GPT-3 computer-generated text is ready for SEO testing

It has been hard to miss the buzz around the latest natural language generation (NLG) capabilities recently, as the OpenAI group released machine learning models trained on ever-larger amounts of written content. This has culminated, at the time of writing, in the beta release of an API to GPT-3.

In my opinion, the latest ML models can now create useful content that is worth testing for SEO and user benefits. [Don’t believe me? Jump to an example]

This will primarily benefit large websites right now partly because those are the only places where it is going to be possible to run statistically-significant tests on something as variable as content quality, and partly because the current NLG capabilities are useful only at scale. If you are producing 5 pages of content, you are better to have a human write them; GPT-3 doesn’t outperform humans on individual outputs, but rather its benefits come in speed and scale.

Coming at this from an SEO perspective, it is easy to see that if we had access to a tool that could instantly produce thousands of short chunks of quality text tuned to different styles, lengths, or tones of voice, it would be powerful. It would let us generate content at scale for such things as:

Product descriptions
Category and facet page overviews
Titles and meta information

And the really interesting thing is that we wouldn’t just be able to do it once, we would be able to regenerate variations for testing to find the right combination of settings that created a tone and style that was highly appealing to human users while also being relevant, on-topic, and compelling enough to rank well in organic search.

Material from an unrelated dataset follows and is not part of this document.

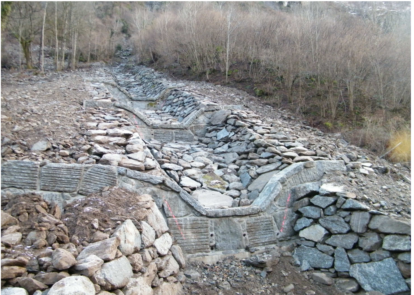
Lavori ultimati nel tratto di alveo a monte della vasca di accumulo

As someone who spends a lot of time thinking about SEO A/B testing, and getting stymied on too many content experiments by the cost of production, this is compelling and exciting.

What can GPT-3 do?

There are some wonderful demos of the incredible capability of GPT-3 to produce all kinds of surprising outputs - not just what you might think of as written textual content. For our purposes, however, most of the interesting uses are short passages of text ranging in length from a single line to a short paragraph or two.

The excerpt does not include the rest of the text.